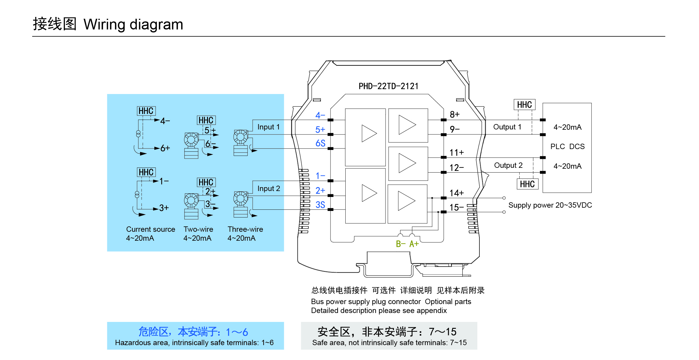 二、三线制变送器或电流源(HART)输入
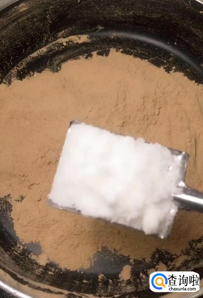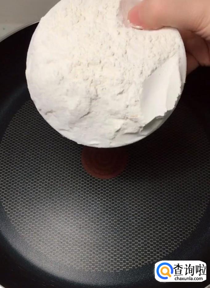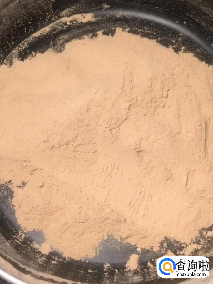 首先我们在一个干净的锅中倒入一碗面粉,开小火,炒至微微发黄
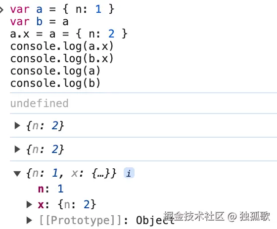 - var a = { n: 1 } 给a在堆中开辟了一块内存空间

• EXERCISE
Please write the data out again exactly, but do not carry over the pictures.

• SOLUTION FOR THIS EXERCISE
 二、三线制变送器或电流源(HART)输入
 首先我们在一个干净的锅中倒入一碗面粉,开小火,炒至微微发黄
 - var a = { n: 1 } 给a在堆中开辟了一块内存空间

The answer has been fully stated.